Segment Start: Recorded information

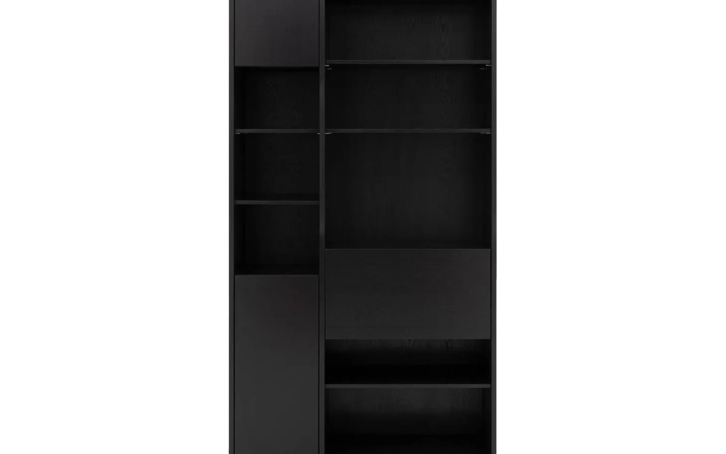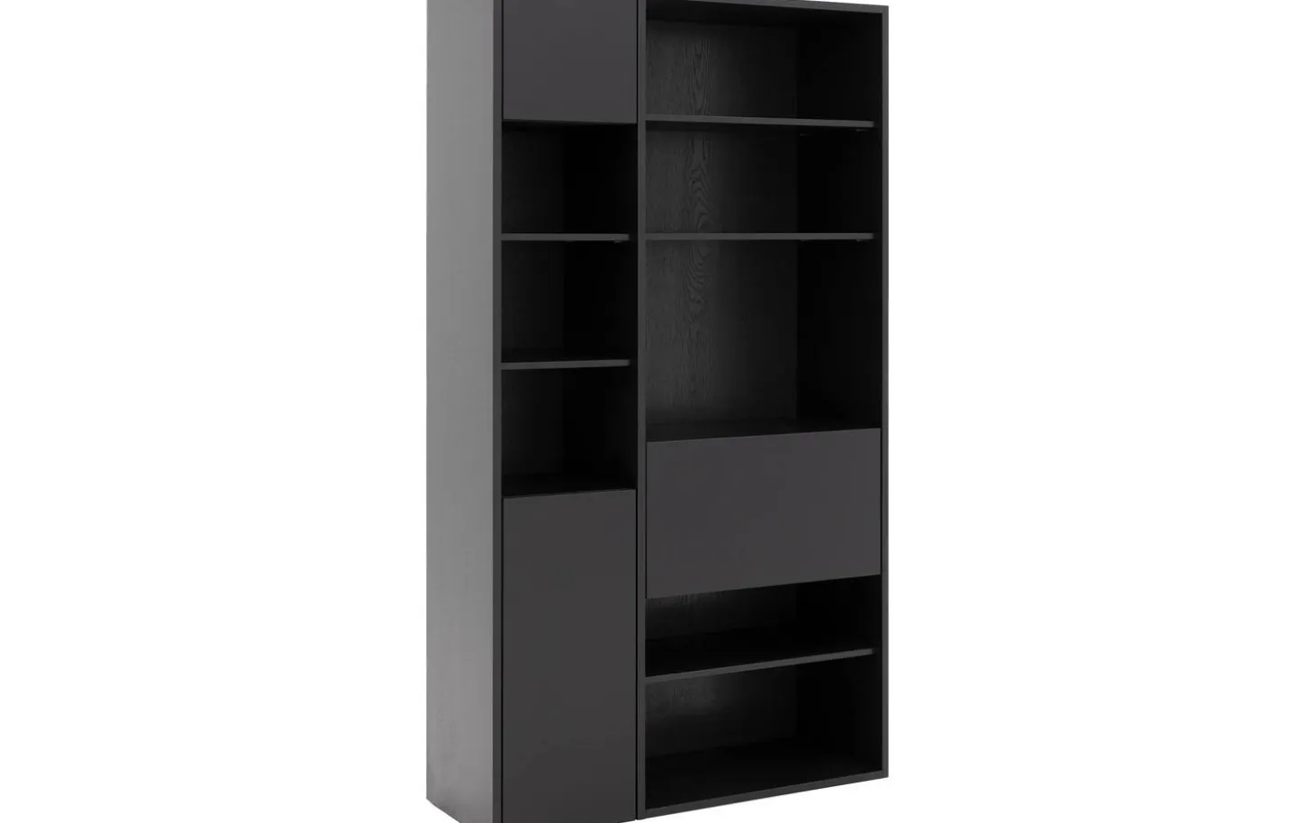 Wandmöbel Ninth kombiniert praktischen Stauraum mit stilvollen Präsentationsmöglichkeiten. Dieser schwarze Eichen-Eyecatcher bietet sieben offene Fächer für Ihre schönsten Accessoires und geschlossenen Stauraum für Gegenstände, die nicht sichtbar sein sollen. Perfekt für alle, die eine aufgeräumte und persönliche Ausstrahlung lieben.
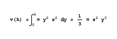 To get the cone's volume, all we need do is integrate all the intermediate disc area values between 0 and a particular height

Segment End: Recorded information
Segment Start: Recorded information

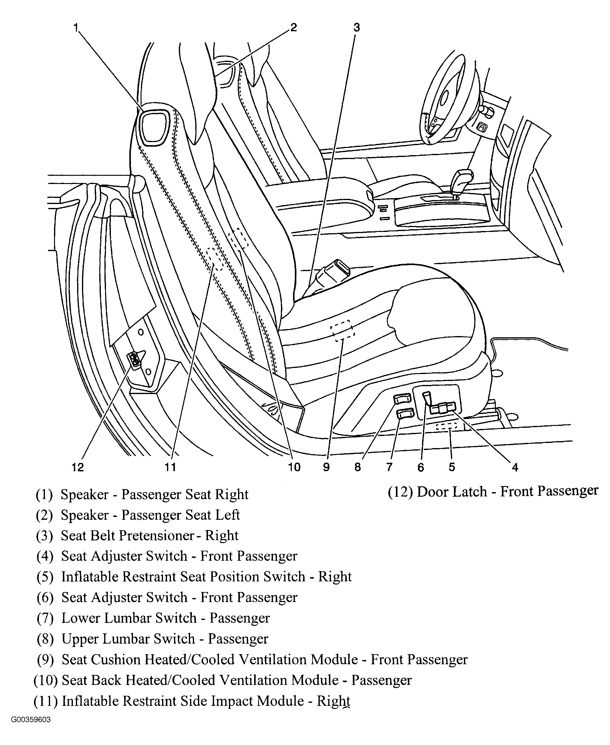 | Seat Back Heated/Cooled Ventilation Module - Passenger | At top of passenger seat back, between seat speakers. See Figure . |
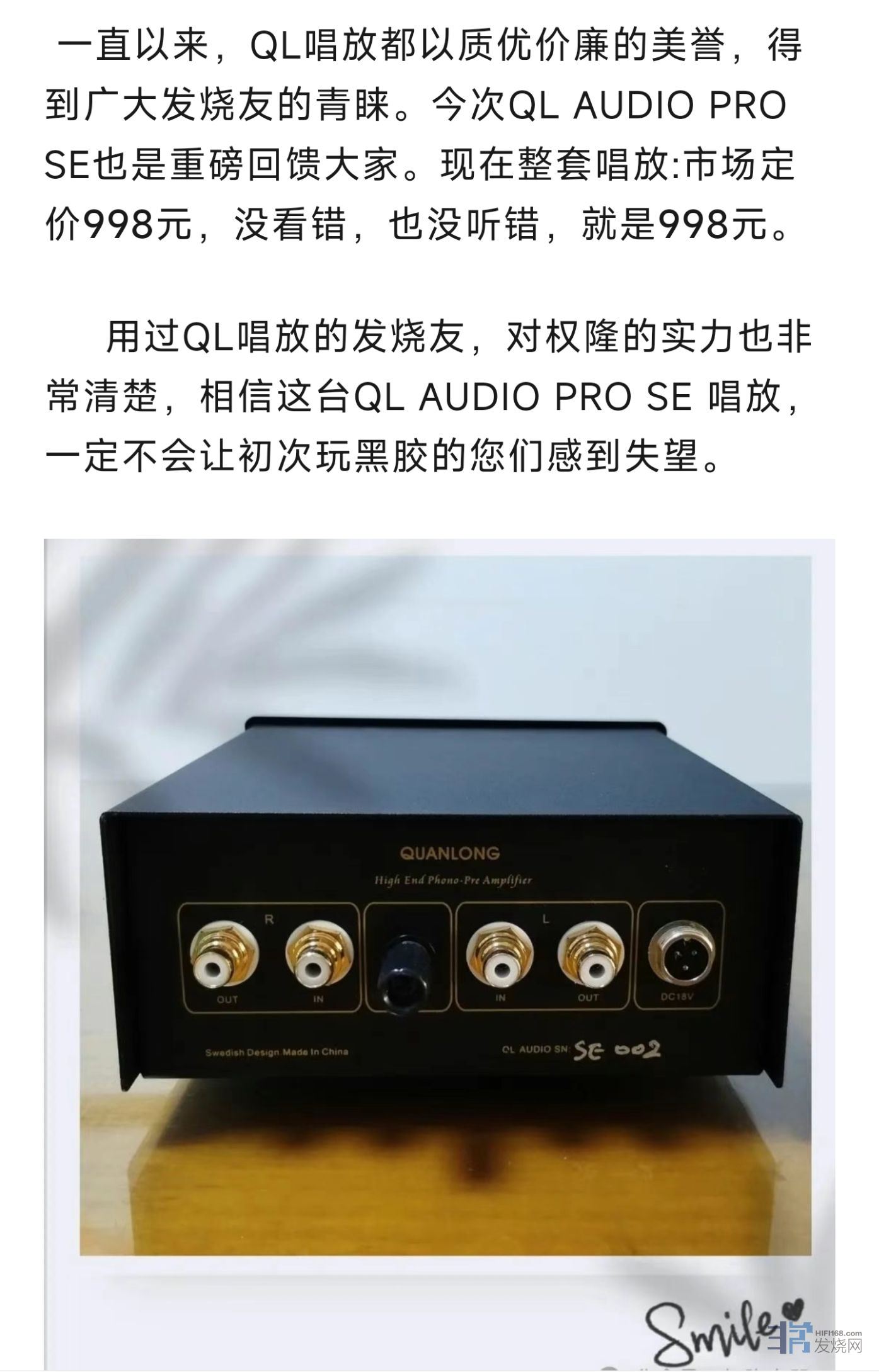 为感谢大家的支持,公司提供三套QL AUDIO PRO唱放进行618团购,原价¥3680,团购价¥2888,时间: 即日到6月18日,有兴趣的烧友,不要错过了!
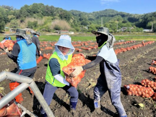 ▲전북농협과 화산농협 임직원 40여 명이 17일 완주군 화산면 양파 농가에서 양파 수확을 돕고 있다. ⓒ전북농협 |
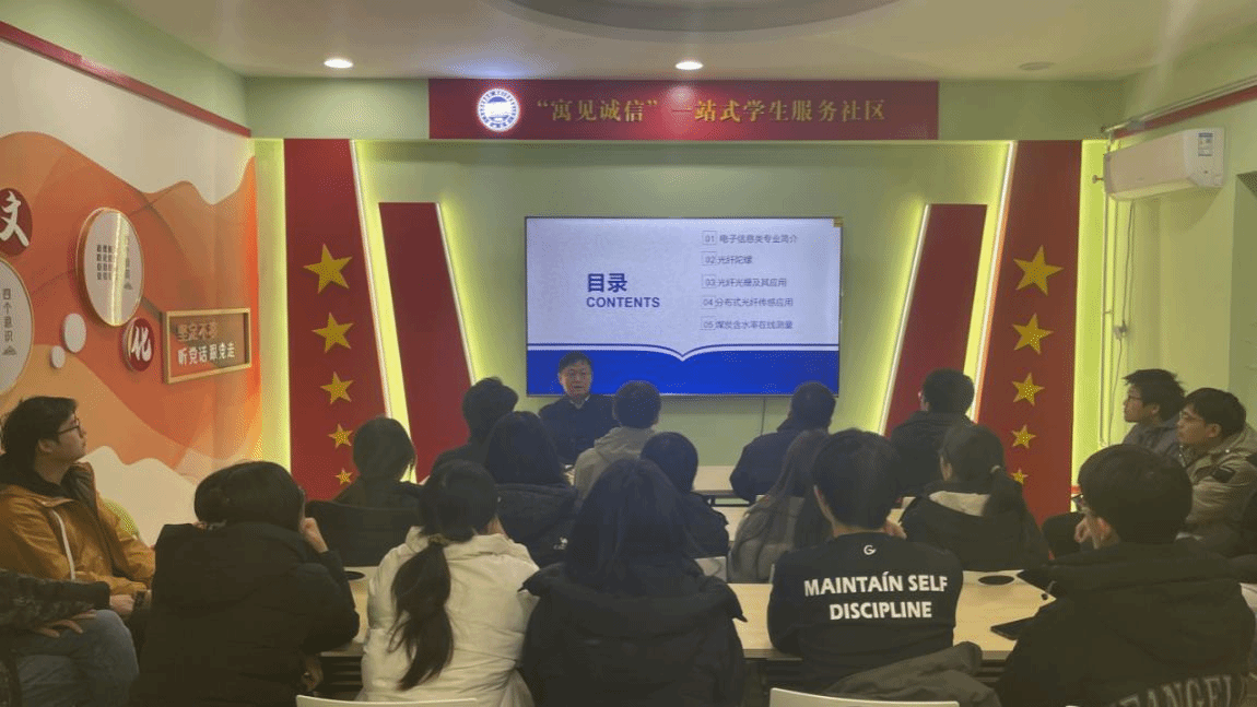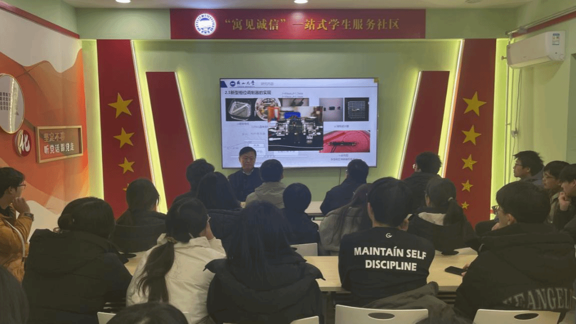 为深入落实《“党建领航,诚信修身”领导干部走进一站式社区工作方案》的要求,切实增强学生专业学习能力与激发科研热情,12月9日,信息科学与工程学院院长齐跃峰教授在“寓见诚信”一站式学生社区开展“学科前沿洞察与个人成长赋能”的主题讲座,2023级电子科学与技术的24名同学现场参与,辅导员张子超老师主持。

Segment End: Recorded information
Segment Start: Recorded information

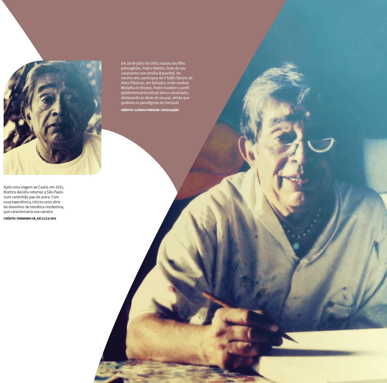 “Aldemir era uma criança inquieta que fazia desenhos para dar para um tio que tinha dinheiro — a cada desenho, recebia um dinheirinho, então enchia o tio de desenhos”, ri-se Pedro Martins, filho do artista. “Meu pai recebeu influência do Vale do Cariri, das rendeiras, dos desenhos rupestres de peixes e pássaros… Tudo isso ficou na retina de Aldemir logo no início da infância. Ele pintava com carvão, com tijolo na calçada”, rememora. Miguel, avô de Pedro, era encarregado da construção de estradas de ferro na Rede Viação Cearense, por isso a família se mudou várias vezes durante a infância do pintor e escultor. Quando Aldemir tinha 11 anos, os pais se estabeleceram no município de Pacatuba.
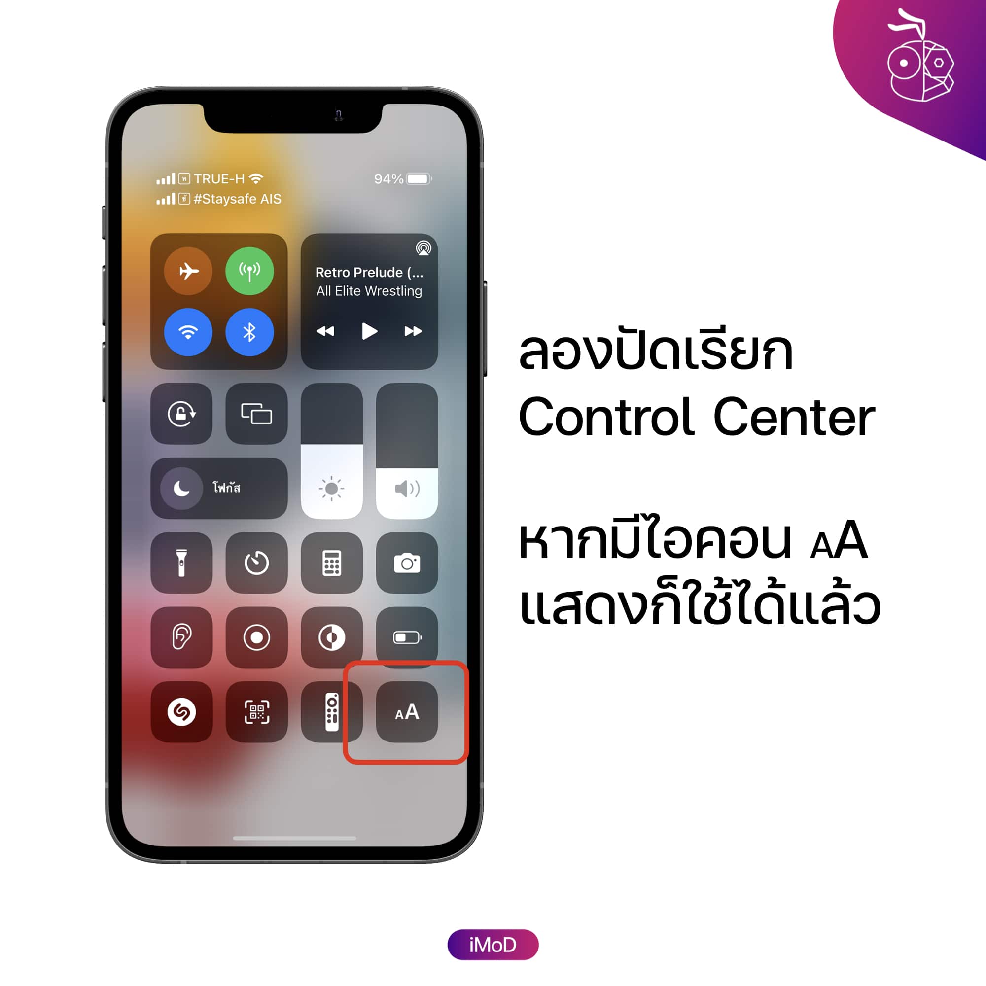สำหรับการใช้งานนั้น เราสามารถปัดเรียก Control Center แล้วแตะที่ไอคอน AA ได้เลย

Segment End: Recorded information

Transcribe, word for word, the lines of the listing above from the one that contains "Wandmöbel Ninth kombiniert" through the one that contains "To get the cone's", keeping both ends and dropping the pictures.

▶ **Solution for this task**
 Wandmöbel Ninth kombiniert praktischen Stauraum mit stilvollen Präsentationsmöglichkeiten. Dieser schwarze Eichen-Eyecatcher bietet sieben offene Fächer für Ihre schönsten Accessoires und geschlossenen Stauraum für Gegenstände, die nicht sichtbar sein sollen. Perfekt für alle, die eine aufgeräumte und persönliche Ausstrahlung lieben.
 To get the cone's volume, all we need do is integrate all the intermediate disc area values between 0 and a particular height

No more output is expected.